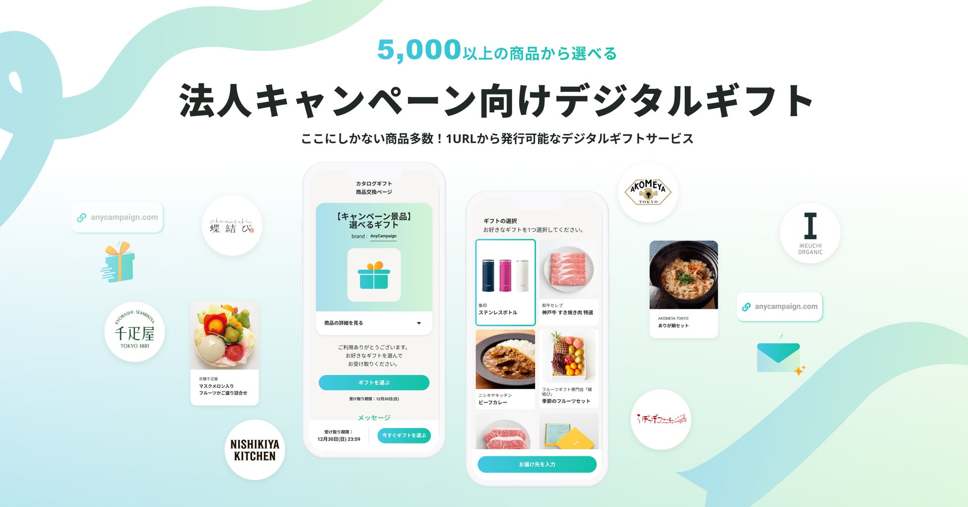 事業内容: eギフト機能を導入できる「AnyGift」の運営、5,000商品から選べるカード型引き出物「AnyGift Wedding」の運営、法人キャンペーン向けデジタルギフト事業「AnyCampaign」の運営
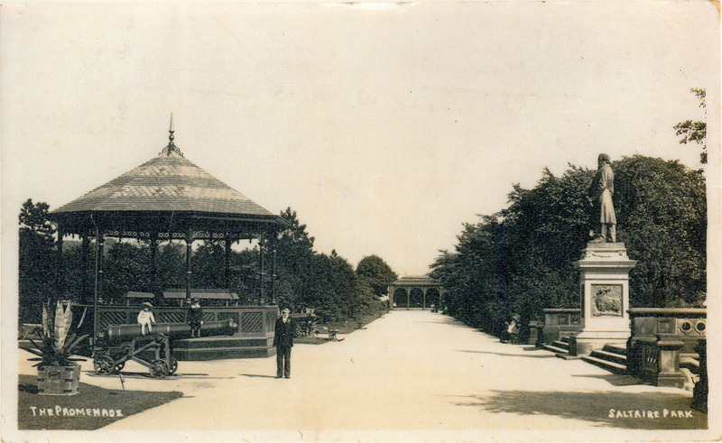 Saltaire Park opened in 1871 just over the River Aire from Salts Mill; James Roberts gifted the park to Bradford Corporation in 1920, renaming it Roberts Park after his deceased son Bertram.
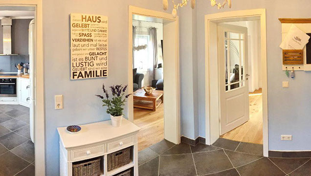 Es erwartet Sie ein dunkelgrauer Steinfliesenboden im Windfang, der sich bis in den geräumigen Flur, die Küche sowie das Gäste-WC erstreckt.
──────────
Task objective => Would you return the whole listing exactly, without the pictures?

Worked solution =>
 事業内容: eギフト機能を導入できる「AnyGift」の運営、5,000商品から選べるカード型引き出物「AnyGift Wedding」の運営、法人キャンペーン向けデジタルギフト事業「AnyCampaign」の運営
 Saltaire Park opened in 1871 just over the River Aire from Salts Mill; James Roberts gifted the park to Bradford Corporation in 1920, renaming it Roberts Park after his deceased son Bertram.
 Es erwartet Sie ein dunkelgrauer Steinfliesenboden im Windfang, der sich bis in den geräumigen Flur, die Küche sowie das Gäste-WC erstreckt.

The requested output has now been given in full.